Celebrating Pride Month with Ellie Jones

To help us celebrate Pride Month, Ellie Jones, CEO, Liberate, speaks to us about her experiences.

Celebrating Pride Month with Ellie Jones

This year’s Pride month marks 50 years since the UK's first protest march for LGBTQ+ rights.

The march took place in 1972, calling for gay people to be treated the same as straight people. Only 700 people turned up. Many were too scared to march. They thought everyone would be arrested. That didn’t happen, but they were swamped by a very heavy, aggressive police presence.

People held hands and kissed in public - which was an arrestable offence in those days for gay people. Unlike nowadays, there was no festival or entertainment after the march.

Looking back over the 50 years, it is extraordinary the way Pride has grown from one march with less than a thousand people to dozens of nationwide events with millions of people attending.

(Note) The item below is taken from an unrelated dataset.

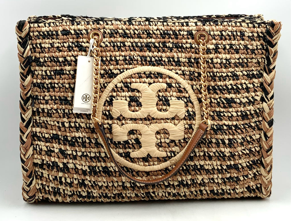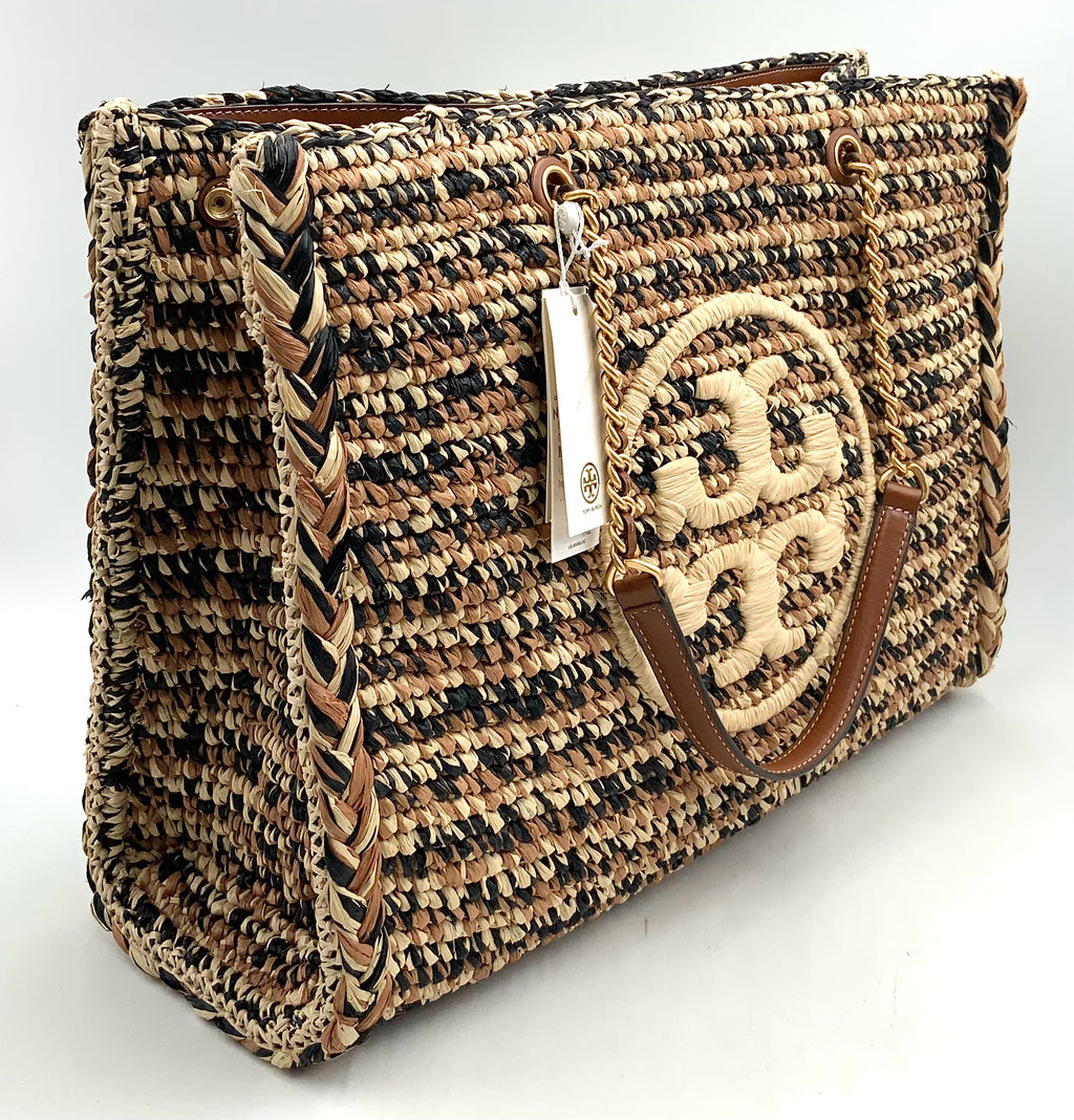 TORY BURCH Natural Tan Black Raffia Ella Chain Strap Tote. Includes detachable brown leather zip pouch.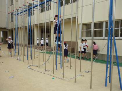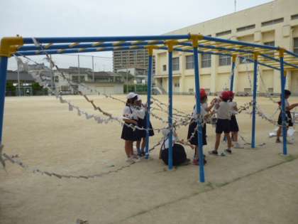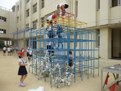 それを広い運動場に持って出て、グループで協力して飾りました。

Why do we still need Pride is a question I’m asked a lot:

  • It’s not always been easy to be an out LGBTQ+ person. I live in Guernsey, which was occupied by German forces during World War Two. During this occupation, people like me would have been rounded up and sent to a concentration camp and made to wear the infamous Pink Triangle.
  • When I first started school, people here in Guernsey could still have been arrested for being gay, as decriminalisation of homosexuality only happened in 1983!
  • There are still 70 countries where being LGBTQ+ is criminalised. In 11, you can be sentenced to death for consensual ‘same-sex activity’. One of these is Qatar, where the football world cup is being held this year. How many gay fans will feel safe travelling there?
  • America has laws where you can legally justify murdering people using the ‘gay and trans panic defence’. This essentially means that someone can use the excuse ‘I didn’t realise they were gay/trans, and when they told me, I freaked out, panicked and shot them’. Which in 2022 seems unbelievable.
  • The year I started secondary school coincided with the introduction of Section 28. Exactly a week after my 12th birthday, schools were instructed that they ‘shall not intentionally promote homosexuality’ or ‘teach of the acceptability of homosexuality as a pretend family relationship’. Effectively this made it illegal to even discuss LGBTQ+ issues in schools. In practice, it stopped teachers from dealing with homophobic bullying and denied thousands of young gay men inclusive sex education at the height of the AIDS epidemic. This was only withdrawn in the early 2000’s.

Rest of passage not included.